- [WHAT YOU ARE ASKED TO DO] When writing out the entries below, keep only the lines from the line with "ヒーロー風カッコイイあだ名 | 『スーパーコクイサヤカ』『黄金騎士コク』 |" to the line with "Den største donation", both included, exactly as they are, and leave the pictures aside.

- [SOURCE MATERIAL]
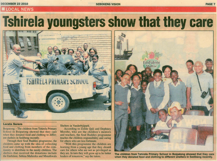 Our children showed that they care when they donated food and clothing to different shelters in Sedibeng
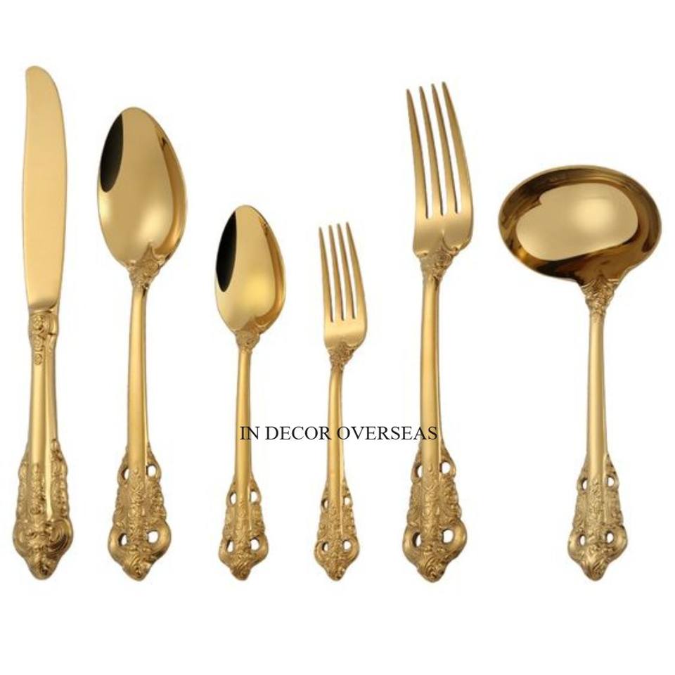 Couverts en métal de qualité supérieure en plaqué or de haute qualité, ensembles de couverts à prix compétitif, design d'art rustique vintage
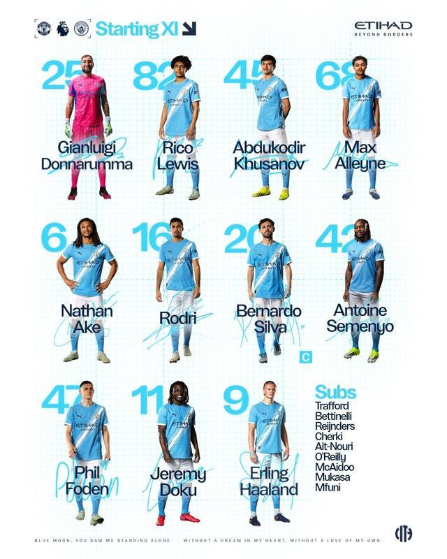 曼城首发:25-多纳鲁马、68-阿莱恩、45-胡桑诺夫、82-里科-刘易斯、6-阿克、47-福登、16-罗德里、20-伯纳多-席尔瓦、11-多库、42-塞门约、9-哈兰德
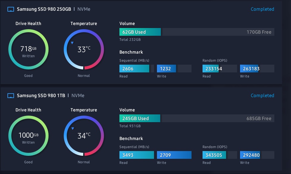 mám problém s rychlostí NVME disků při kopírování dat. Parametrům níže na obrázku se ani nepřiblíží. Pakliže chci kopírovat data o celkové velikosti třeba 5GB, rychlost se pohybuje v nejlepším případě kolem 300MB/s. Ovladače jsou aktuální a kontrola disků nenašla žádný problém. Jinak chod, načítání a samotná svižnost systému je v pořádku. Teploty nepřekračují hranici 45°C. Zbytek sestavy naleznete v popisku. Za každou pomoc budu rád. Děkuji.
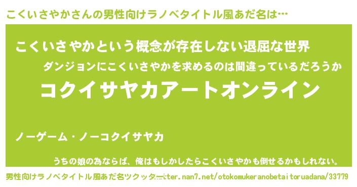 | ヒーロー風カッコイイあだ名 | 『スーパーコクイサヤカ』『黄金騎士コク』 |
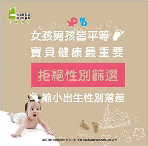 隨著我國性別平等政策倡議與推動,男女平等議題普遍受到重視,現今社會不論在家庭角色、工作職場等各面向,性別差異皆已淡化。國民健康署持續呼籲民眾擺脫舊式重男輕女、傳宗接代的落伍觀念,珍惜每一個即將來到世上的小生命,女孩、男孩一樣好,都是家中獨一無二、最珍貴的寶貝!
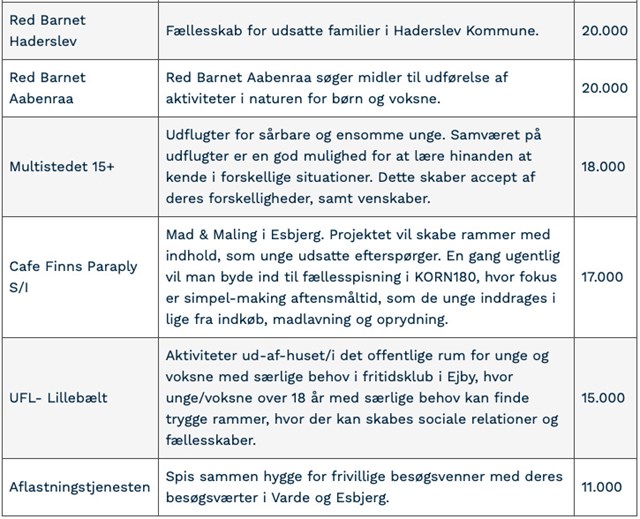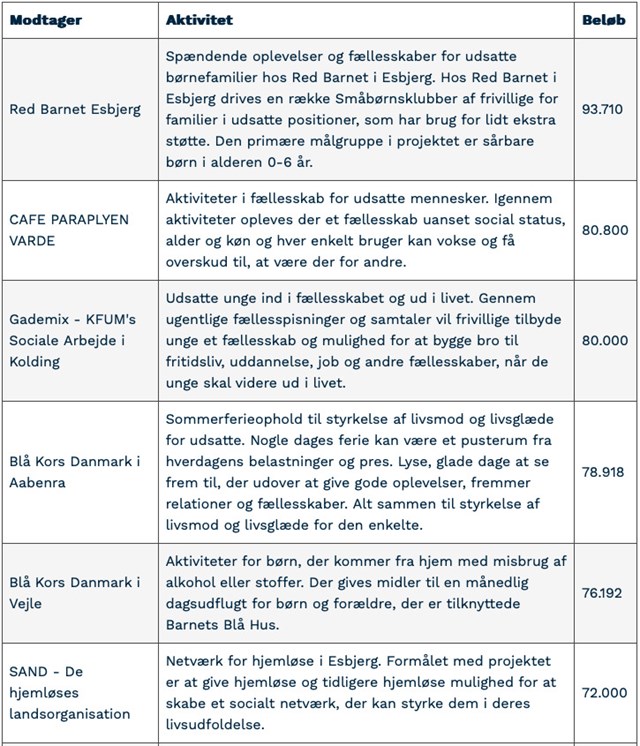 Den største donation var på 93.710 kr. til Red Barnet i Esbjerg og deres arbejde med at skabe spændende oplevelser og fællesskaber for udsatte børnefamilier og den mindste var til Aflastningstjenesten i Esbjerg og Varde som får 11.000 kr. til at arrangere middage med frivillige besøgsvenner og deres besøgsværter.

--

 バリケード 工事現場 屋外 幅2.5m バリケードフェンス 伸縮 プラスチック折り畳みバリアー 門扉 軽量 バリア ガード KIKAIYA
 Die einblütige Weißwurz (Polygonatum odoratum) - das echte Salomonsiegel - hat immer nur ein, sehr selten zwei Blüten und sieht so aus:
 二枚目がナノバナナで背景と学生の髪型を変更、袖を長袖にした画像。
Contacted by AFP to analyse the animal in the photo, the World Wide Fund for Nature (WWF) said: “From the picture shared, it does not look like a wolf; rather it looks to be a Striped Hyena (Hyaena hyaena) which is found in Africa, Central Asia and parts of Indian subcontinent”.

* * *

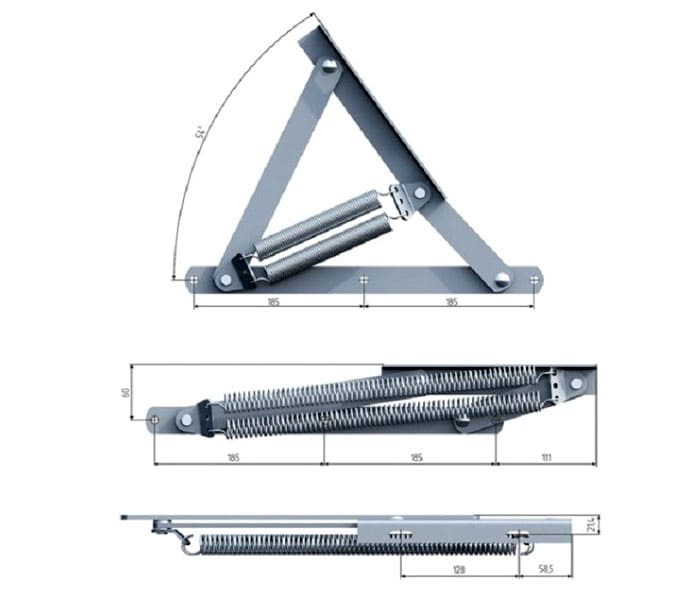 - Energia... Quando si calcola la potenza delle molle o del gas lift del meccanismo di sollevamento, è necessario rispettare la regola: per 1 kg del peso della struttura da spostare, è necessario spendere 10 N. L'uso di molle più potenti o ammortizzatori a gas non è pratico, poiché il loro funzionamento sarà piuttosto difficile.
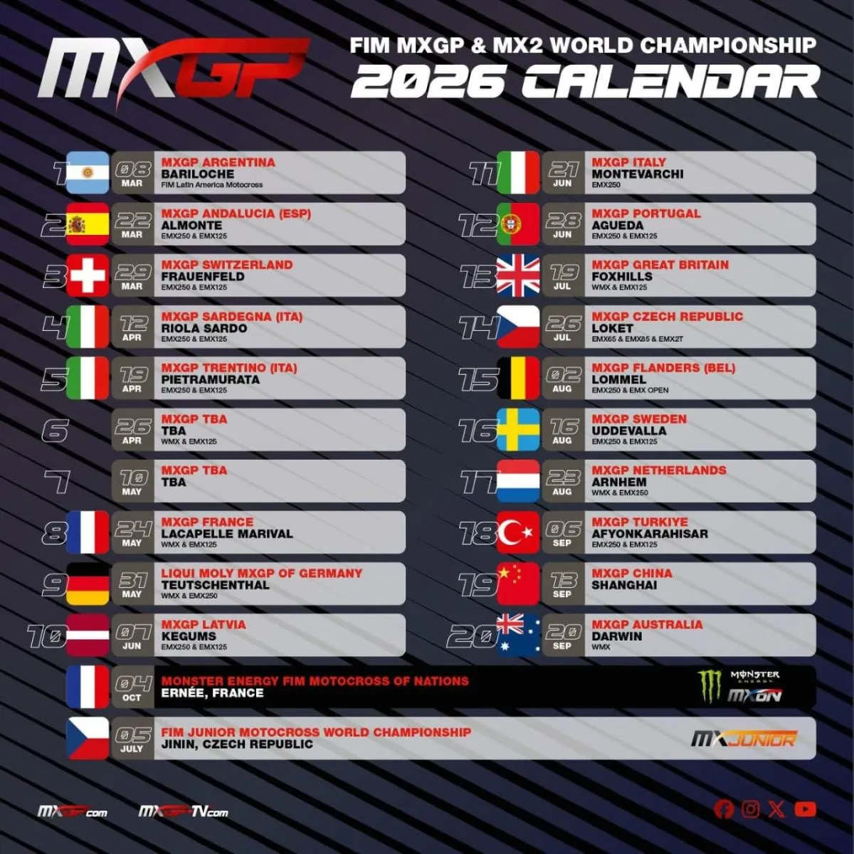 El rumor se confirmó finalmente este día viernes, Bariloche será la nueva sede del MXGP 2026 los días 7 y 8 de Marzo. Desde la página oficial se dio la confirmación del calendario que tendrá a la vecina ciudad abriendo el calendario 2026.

- [ANSWER TO THIS PROBLEM]
 | ヒーロー風カッコイイあだ名 | 『スーパーコクイサヤカ』『黄金騎士コク』 |
 隨著我國性別平等政策倡議與推動,男女平等議題普遍受到重視,現今社會不論在家庭角色、工作職場等各面向,性別差異皆已淡化。國民健康署持續呼籲民眾擺脫舊式重男輕女、傳宗接代的落伍觀念,珍惜每一個即將來到世上的小生命,女孩、男孩一樣好,都是家中獨一無二、最珍貴的寶貝!
 Den største donation var på 93.710 kr. til Red Barnet i Esbjerg og deres arbejde med at skabe spændende oplevelser og fællesskaber for udsatte børnefamilier og den mindste var til Aflastningstjenesten i Esbjerg og Varde som får 11.000 kr. til at arrangere middage med frivillige besøgsvenner og deres besøgsværter.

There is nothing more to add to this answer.